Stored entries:

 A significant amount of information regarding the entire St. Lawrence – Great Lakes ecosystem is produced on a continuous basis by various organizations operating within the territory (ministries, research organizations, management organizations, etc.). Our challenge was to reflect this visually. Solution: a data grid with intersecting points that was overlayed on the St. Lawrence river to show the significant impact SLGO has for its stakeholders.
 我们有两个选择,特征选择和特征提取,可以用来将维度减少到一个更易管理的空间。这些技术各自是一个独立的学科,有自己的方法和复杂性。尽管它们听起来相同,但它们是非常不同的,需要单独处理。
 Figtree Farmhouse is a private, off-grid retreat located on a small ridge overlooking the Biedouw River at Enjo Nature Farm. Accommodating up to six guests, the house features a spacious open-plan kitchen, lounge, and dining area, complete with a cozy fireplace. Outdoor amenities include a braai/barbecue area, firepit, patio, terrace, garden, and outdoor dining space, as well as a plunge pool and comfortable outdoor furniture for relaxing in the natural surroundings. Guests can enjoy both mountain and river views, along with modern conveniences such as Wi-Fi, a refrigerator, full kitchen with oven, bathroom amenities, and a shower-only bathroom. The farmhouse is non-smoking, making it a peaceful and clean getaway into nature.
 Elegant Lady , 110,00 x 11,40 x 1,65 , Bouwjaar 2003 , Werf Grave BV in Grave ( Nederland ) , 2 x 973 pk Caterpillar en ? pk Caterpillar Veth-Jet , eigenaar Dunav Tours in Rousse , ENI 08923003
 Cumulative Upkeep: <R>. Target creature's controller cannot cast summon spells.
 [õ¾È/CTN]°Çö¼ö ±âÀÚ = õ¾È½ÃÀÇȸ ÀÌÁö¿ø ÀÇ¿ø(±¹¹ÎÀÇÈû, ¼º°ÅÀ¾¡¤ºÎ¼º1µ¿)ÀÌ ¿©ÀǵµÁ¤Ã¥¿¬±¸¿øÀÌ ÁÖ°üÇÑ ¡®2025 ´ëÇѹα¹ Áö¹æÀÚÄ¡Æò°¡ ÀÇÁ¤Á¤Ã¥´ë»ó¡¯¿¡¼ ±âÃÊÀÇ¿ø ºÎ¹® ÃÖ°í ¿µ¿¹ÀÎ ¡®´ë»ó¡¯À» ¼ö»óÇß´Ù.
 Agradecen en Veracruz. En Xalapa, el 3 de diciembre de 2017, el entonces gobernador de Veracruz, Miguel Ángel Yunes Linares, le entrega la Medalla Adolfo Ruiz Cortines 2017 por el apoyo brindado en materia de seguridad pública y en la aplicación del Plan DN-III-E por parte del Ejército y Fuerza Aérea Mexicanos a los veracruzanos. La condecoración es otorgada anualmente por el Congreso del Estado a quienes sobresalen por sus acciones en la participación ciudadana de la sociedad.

==

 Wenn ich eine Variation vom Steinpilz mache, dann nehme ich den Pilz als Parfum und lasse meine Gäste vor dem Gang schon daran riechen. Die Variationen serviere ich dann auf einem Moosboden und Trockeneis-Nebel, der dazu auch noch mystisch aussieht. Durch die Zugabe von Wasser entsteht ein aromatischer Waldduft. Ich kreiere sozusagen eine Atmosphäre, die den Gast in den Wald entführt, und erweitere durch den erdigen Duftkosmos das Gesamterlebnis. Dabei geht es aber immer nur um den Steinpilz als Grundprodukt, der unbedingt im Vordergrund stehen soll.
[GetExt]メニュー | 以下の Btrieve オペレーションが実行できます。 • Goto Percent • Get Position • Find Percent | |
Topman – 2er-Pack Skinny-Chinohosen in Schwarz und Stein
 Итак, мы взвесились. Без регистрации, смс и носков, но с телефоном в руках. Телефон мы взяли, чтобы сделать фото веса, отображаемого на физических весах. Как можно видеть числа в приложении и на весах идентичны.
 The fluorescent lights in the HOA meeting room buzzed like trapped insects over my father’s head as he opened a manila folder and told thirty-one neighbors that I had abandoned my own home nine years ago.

● **TASK DIRECTIONS**: Above are the entries. Quote exactly the lines from the one bearing "Figtree Farmhouse is" through the one bearing "Agradecen en Veracruz.".

● **ANSWER BOX**:
 Figtree Farmhouse is a private, off-grid retreat located on a small ridge overlooking the Biedouw River at Enjo Nature Farm. Accommodating up to six guests, the house features a spacious open-plan kitchen, lounge, and dining area, complete with a cozy fireplace. Outdoor amenities include a braai/barbecue area, firepit, patio, terrace, garden, and outdoor dining space, as well as a plunge pool and comfortable outdoor furniture for relaxing in the natural surroundings. Guests can enjoy both mountain and river views, along with modern conveniences such as Wi-Fi, a refrigerator, full kitchen with oven, bathroom amenities, and a shower-only bathroom. The farmhouse is non-smoking, making it a peaceful and clean getaway into nature.
 Elegant Lady , 110,00 x 11,40 x 1,65 , Bouwjaar 2003 , Werf Grave BV in Grave ( Nederland ) , 2 x 973 pk Caterpillar en ? pk Caterpillar Veth-Jet , eigenaar Dunav Tours in Rousse , ENI 08923003
 Cumulative Upkeep: <R>. Target creature's controller cannot cast summon spells.
 [õ¾È/CTN]°Çö¼ö ±âÀÚ = õ¾È½ÃÀÇȸ ÀÌÁö¿ø ÀÇ¿ø(±¹¹ÎÀÇÈû, ¼º°ÅÀ¾¡¤ºÎ¼º1µ¿)ÀÌ ¿©ÀǵµÁ¤Ã¥¿¬±¸¿øÀÌ ÁÖ°üÇÑ ¡®2025 ´ëÇѹα¹ Áö¹æÀÚÄ¡Æò°¡ ÀÇÁ¤Á¤Ã¥´ë»ó¡¯¿¡¼ ±âÃÊÀÇ¿ø ºÎ¹® ÃÖ°í ¿µ¿¹ÀÎ ¡®´ë»ó¡¯À» ¼ö»óÇß´Ù.
 Agradecen en Veracruz. En Xalapa, el 3 de diciembre de 2017, el entonces gobernador de Veracruz, Miguel Ángel Yunes Linares, le entrega la Medalla Adolfo Ruiz Cortines 2017 por el apoyo brindado en materia de seguridad pública y en la aplicación del Plan DN-III-E por parte del Ejército y Fuerza Aérea Mexicanos a los veracruzanos. La condecoración es otorgada anualmente por el Congreso del Estado a quienes sobresalen por sus acciones en la participación ciudadana de la sociedad.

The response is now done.